Exercise prompt:
Find the lines of the records in which the word "ONASHE" appears and report how many there are, as a number alone.

(Data to examine)

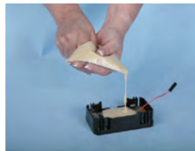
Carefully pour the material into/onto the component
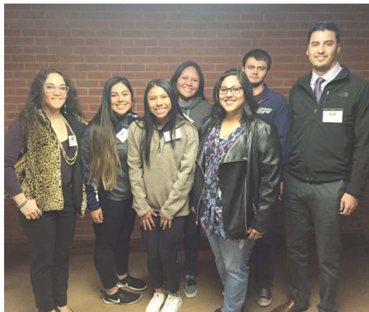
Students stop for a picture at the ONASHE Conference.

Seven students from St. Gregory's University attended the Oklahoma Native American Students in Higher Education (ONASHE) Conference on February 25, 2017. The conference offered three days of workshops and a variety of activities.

(End Data to examine)
(Data to examine)

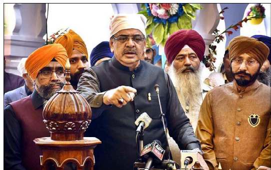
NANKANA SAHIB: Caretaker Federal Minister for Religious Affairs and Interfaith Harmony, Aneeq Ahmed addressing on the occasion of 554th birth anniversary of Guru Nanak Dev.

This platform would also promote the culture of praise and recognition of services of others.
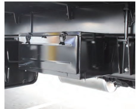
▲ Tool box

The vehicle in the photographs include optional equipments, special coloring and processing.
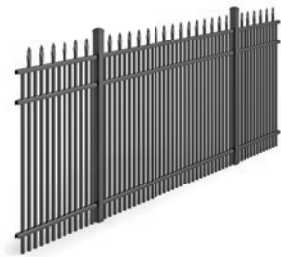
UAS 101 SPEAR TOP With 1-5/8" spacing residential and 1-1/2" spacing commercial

(End Data to examine)

Written solution:
2